10.2.2 Commercial General Liability Insurance including Explosion, Collapse,and
Underground Coverage shall be provided as follows:
$1,000,000 Each Occurrence
$2,000,000 Annual Aggregate
Coverage shall include but not be limited to the following: premises/operations,
independent vendors, products/completed operations, personal injury, and
contractual liability. Insurance shall be provided on an occurrence basis, and as
comprehensive as the current Insurance Services Office(ISO)policy.

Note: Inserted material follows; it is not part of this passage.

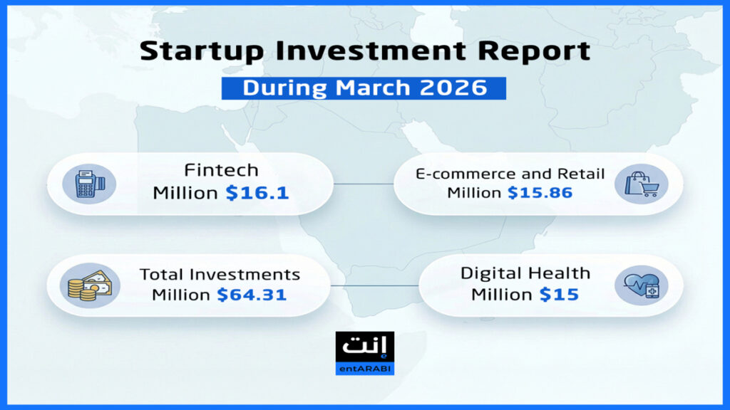 According to the monthly investment report issued by entArabi, total new investments in startups across 19 companies during March still surpassed $64.31 million, spanning 12 sectors, most notably artificial intelligence, fintech, smart mobility and logistics, e-commerce, digital infrastructure, and PropTech.

10.2.3 Auto Liability Insurance shall be provided as follows:
$1,000,000 Combined Single Limit Each Accident
A commercial business policy shall provide coverage on "Any Auto", defined as
autos owned,hired and non-owned.
10.2.4 The Vendor shall furnish the Purchasing Manager, with a certificate of insurance
documenting the required insurance prior to the commencement of services.
10.2.5 Policies shall be endorsed to provide the City of Fort Worth a thirty- (30) day
notice of cancellation,material change in coverage,or non-renewal of coverage.
10.2.6 Applicable policies shall also be endorsed to name the City of Fort Worth as an
additional insured, as its interests may appear(ATIMA).
10.3 The City,its officers,employees and servants shall be endorsed as an additional insured
on Vendor's insurance policies excepting employer's liability insurance coverage under Vendor's
workers' compensation insurance policy.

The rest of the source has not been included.